I've been seeing this near homophonic confusion happening all over the place recently.

That is all, carry on.


----------



## Florida173 (Feb 3, 2021)

Board and Seize said:


> Grammar nazi time:
> 
> "precedent" != "precedence"
> 
> ...



fair enough. I stand by my usage in its altered intended meaning. Canada needs to get it's priorities straight


----------



## GOTWA (Feb 3, 2021)

The Jalisco New Generation, Sinaloa, Los Zetas, etc...Good to go.​


----------



## Brill (Feb 3, 2021)

Board and Seize said:


> I've been seeing this near homophonic confusion happening all over the place recently.


Irregardless, they’re have been many negative affects, for all intensive purposes, up on the bored here too four based on principals alone.


----------



## SpitfireV (Feb 3, 2021)

Brill said:


> Irregardless, they’re have been many negative affects, for all intensive purposes, up on the bored here too four based on principals alone.



Trudeau, the list if you will sir.


----------



## GOTWA (Feb 3, 2021)

Brill said:


> Irregardless, they’re have been many negative affects, for all intensive purposes, up on the bored here too four based on principals alone.


I agree. It's a doggy dog world out there. You have to do diligence or you could become the escape goat. Me? I'm just biting my time so I can pass mustard.


----------



## Ooh-Rah (Feb 3, 2021)

STAHP!!!

You guys are making my brain hurt!


----------



## Board and Seize (Feb 3, 2021)

...and that's what I get for being a pedant


----------



## Grunt (Feb 4, 2021)

Board and Seize said:


> ...and that's what I get for being a pedant


No worries, Brother...I still respect your attention to detail in all matters.....


----------



## AWP (Feb 4, 2021)

Board and Seize said:


> ...and that's what I get for being a pedant



So, you can't go within 500m of an elementary school?


----------



## Brill (Feb 5, 2021)

AWP said:


> So, you can't go within 500m of an elementary school?



I thought those were podiatrists?


----------



## Gunz (Feb 5, 2021)

View attachment 38842


----------



## AWP (Feb 5, 2021)

Brill said:


> I thought those were podiatrists?



No. Those are engaged in sexual relationships with boys. Pedants are sexually attracted to children.

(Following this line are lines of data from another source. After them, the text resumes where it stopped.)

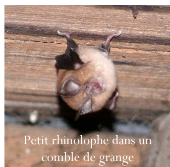
Petit rhinolophe dans un comble de grange

Les chauves-souris sont dépourvues de tout comportement constructeur et ne détériorent pas les constructions. C'est donc d'abord pour expliquer que la cohabitation avec ces animaux menacés n'est qu'à de rares exceptions près une source de désagrément pour nous, que l'association propose cet engagement aux propriétaires.
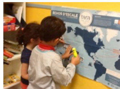
Retrouvez les ressources pédagogiques des 37 escales des missions de Tara et consultez votre propre parcours ? OUVREZ LA MALLE en cliquant sur l'un des trois boutons : Thématiques, Escales ou Expéditions. Téléchargez l'inventaire pdf de la malle ICI .

Nb : Les fiches ressources au fil des années ont été conçues par des enseignants pour des enseignants (dont l'académie de Rennes) coordonnées par un inspecteur pédagogique régional en charge de l'EDD.
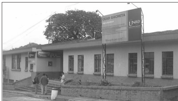
Figura 1. CEAD Gachetá

El municipio de Gachetá es la capital de la provincia del Guavio, se localiza en el nororiente del departamento de Cundinamarca, a 99 kilómetros del Distrito Capital, sobre la vía que de Bogotá conduce a Ubalá y Gachalá. Allí nace en 1985 el CEAD que lleva su nombre, el cual atiende en la actualidad alrededor de 126 estudiantes en pregrado y 164 en Bachillerato, provenientes de diferentes municipios, tanto de la región, como de la provincia de Medina.

At least, I think that's how it works.


----------



## Kraut783 (Feb 5, 2021)

All these right wing/white supremist/domestic terrorism guys/groups/militias....I wish the US would just treat them like a criminal gang...stop making them more than what they are.


----------



## Florida173 (Feb 6, 2021)

Kraut783 said:


> All these right wing/white supremist/domestic terrorism guys/groups/militias....I wish the US would just treat them like a criminal gang...stop making them more than what they are.



Don't they already do that for ones that do criminal activity?


----------



## Brill (Feb 6, 2021)

Kraut783 said:


> All these right wing/white supremist/domestic terrorism guys/groups/militias....I wish the US would just treat them like a criminal gang...stop making them more than what they are.



I thought we were just gonna Pred ‘em?


__ https://twitter.com/i/web/status/1357738390599340032


----------



## Brill (Feb 6, 2021)

AWP said:


> No. Those are engaged in sexual relationships with boys. Pedants are sexually attracted to children.
> 
> At least, I think that's how it works.



These guys explain it perfectly.


----------



## Kraut783 (Feb 6, 2021)

Florida173 said:


> Don't they already do that for ones that do criminal activity?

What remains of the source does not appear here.